In the measure theory lecture, we defined a measure-theoretic content as follows:
$ \mu: \mathscr{C} \rightarrow [0,\infty]$
with the property being additive on disjoint sets and that the empty set goes to 0 with $\mathscr{C}$ being a set-theoretic ring.
We had a theorem when a content is a premeasure (sigma-additive content) and saw following implications:
$ (1) \Rightarrow ( (2) \Leftrightarrow (3))$
with
$(1)$ For $A_n \searrow A$ with $A, A_n \in \mathscr{C}$ for all $n$: $\lim\limits_{n \to \infty}\mu(A_n)=\mu(A)$ "Continuity from above"
$(2)$ For $A_n \nearrow A$ with $A, A_n \in \mathscr{C}$ for all $n$: $\lim\limits_{n \to \infty}\mu(A_n)=\mu(A)$ "Continuity from below"
$(3)$ $\mu$ is premeasure.
I do understand the argumentation of this proposition. My observation here was that it is not such a big contraint to approximate a set from below. Approximating it from the top is not that easily performed.
Now at the end of the lecture, we had a look inner and outer regular measures. I know that we are now dealing with measures, those are defined on a $\sigma$-Algebra $\mathscr{A}$ instead of a ring. The definitions were as follows:
Inner regular: For all $A \in \mathscr{A}$
$\mu (A) = \sup \{ \mu (F) | F \subseteq A, F \mbox{ compact and measurable} \}$
Outer regular: For all $A \in \mathscr{A}$
$\mu (A) = \inf \{ \mu (G) | G \supseteq A, G \mbox{ open and measurable} \}$
I understand that those two things are something different. Especially that for regular measures, we work with a Hausdorff-space and with a Borel-$\sigma$-Algebra having special topological separation properties.
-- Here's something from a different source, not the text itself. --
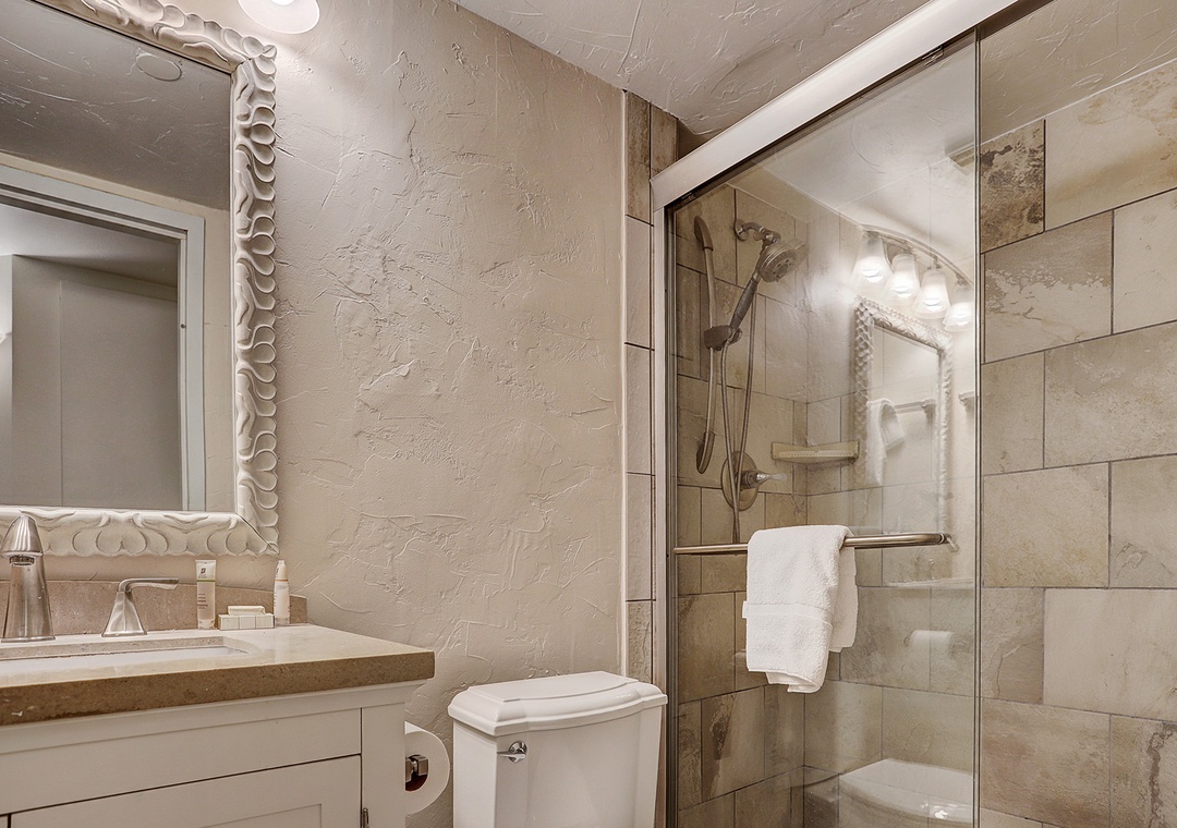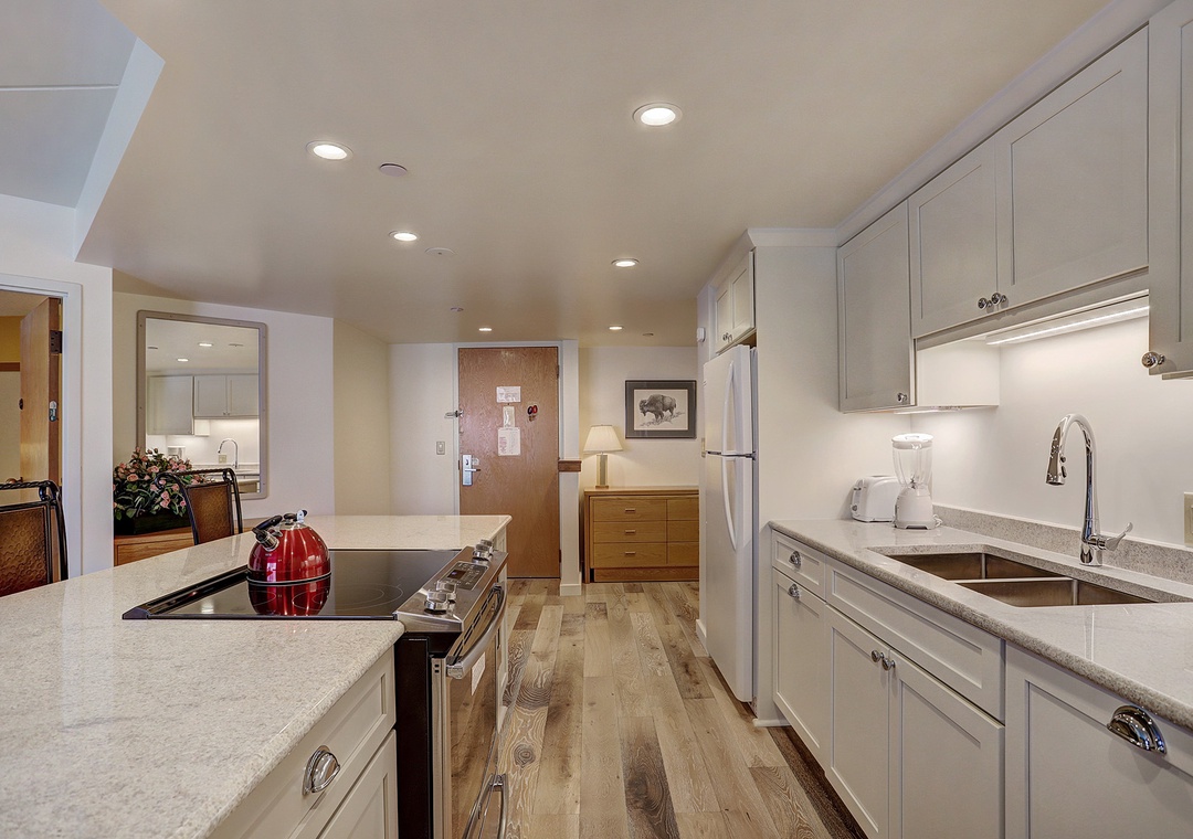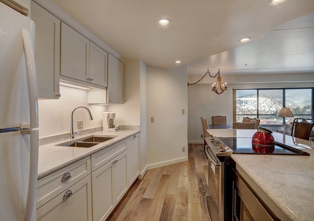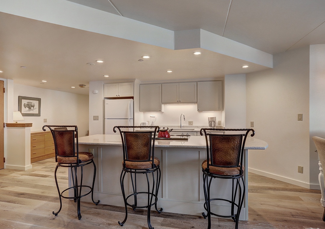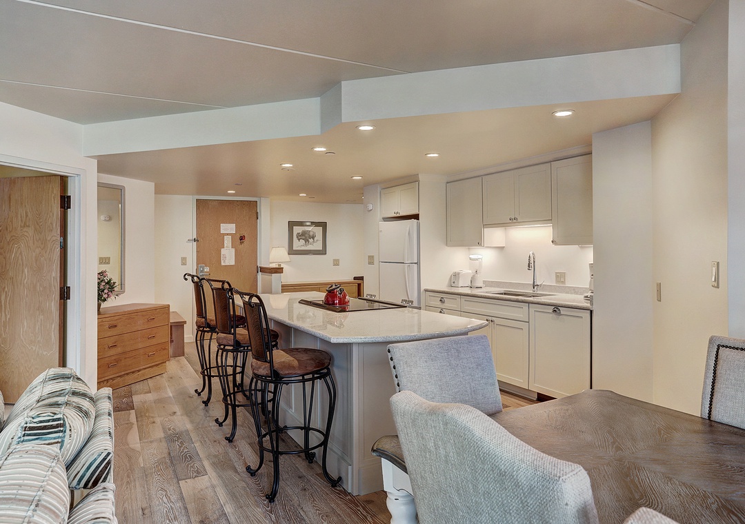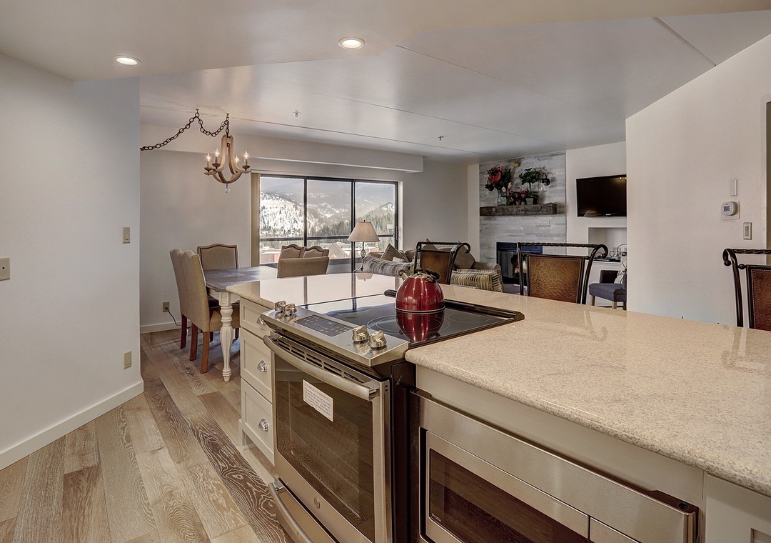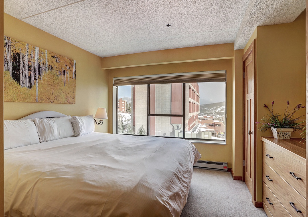 This beautiful two-bedroom, one-level condo at Beaver Run offers a stylish alpine retreat with abundant natural sunlight and modern finishes. The living area features a cozy stone fireplace, while the fully equipped kitchen makes it easy to prepare meals for family and friends. Guests can enjoy the private balcony with breathtaking mountain views or unwind next to the fireplace on snowy days. Both bedrooms are comfortably appointed with king beds, and the queen sofa sleeper provides additional sleeping space for a total of six guests.

There are examples of inner- but not outer-regular measures and vice versa.
My intuitive problem is now the following: I do associate inner regularity with approximation from below, outer regularity with approximation from the top.
Can someone tell my an idea, why this asymmetry observed with approximation (for premeasures) breaks down when it comes to measures and make those concepts in a way independent (that there are no implications between inner reg. and outer reg.)
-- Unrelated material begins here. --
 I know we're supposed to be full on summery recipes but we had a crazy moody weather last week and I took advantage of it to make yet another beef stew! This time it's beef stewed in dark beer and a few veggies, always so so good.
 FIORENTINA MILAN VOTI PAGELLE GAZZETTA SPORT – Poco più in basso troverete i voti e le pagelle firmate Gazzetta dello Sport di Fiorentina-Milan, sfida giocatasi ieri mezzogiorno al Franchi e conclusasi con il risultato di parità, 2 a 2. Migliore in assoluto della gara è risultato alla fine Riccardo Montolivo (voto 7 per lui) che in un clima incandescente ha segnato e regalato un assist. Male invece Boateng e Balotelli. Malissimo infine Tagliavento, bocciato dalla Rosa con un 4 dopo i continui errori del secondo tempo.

Half a month later, I realised the following:
The theorem mentioned above can be extended:
$(1')$ For $A_n \searrow A$ with $A, A_n \in \mathscr{C}$ for all $n$ and $\mu(A_n)<\infty$ for a particular $n_0$ (due to monotonicity: for all $n≥n_0$ holds: $\lim\limits_{n \to \infty}\mu(A_n)=\mu(A)$ "Continuity from above in the finite case"
The implications proven in our script are: $(1) \Rightarrow ((2) \Leftrightarrow (3)) \Rightarrow (1')$ and $(1) \Leftrightarrow (1')$ for finite measures, so all statements are equivalent under that assuption.
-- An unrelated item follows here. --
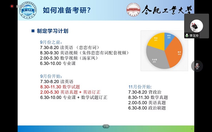 会议开始时,先发言的是毕业后选择考研的学姐。学姐先是肯定了考研的意义,分析了目前考研人数越来越多的现状,提醒同学们根据自己自身的情况来选择是否考研,不要盲目跟风考研。之后学姐向未来向选择考研的同学分享了自己的备考经验,教育同学们要目标明确,充分利用时间,在有限的时间内达到最好的学习效果。
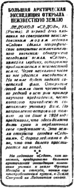 ЛЕДОКОЛ "СЕДОВ", 15. (Роста). В первый день плавания по совершенно неисследованным морям ледокол "Седов" сделал географическое открытие исключительною значения: обнаружена неведомая земля. "Седов", измеряя глубину, осторожно приближается к неизвестной земле. Через несколько часов на нее удастся высадиться. На земле будет поднят советский флаг. Открытие этой земли дает чрезвычайно редкий в истории пример научною предвидения, честь которою принадлежит советскому ученому Визе. По направлению ветров и состоянию льдов Визе в 1924 году предсказал, что здесь должна быть суша и опубликовал свае предсказание. Эта земля открыта сегодня "Седовым". С борта ледокола видно, что она далеко простирается на запад.

When we deal with inner regular measures or outer regular measures, the set $X$ where the measure is defined on is equiped with a topology. Therefore we do have "open" and "compact".
My answer to the question above (why there is no connection when it comes to inner and outer regular measures) is the following:
Open sets and compact sets are in general different concepts. They hardly have anything to do with each other, so only conditions combining those two concepts like locally compact will set up a connection.
When we talk about measures being defined on the Borel-$\sigma$-Algebra, it is common to call it "Borel-measure" having the property (+) that $\mu(K)<\infty$ for all compact sets $K \in \mathfrak{B}$, $\mathfrak{B}$ being the Borel-$\sigma$-Algebra. This is not necessary, but mostly meaningful, because compactness should capture the idea of "close to finiteness". Assuming now that the room is locally compact, we see that the assumption (+) is in a good context.
An outer regular measure being inner-regular on open sets implies that $\mu(B) < \infty$, $B \in \mathfrak{B}$. For a $\sigma$-finite room, we get that the outer regular measure is even regular (which seems to be quite okay, when the room is small enough as the theorem about premeasures gives an intuition about).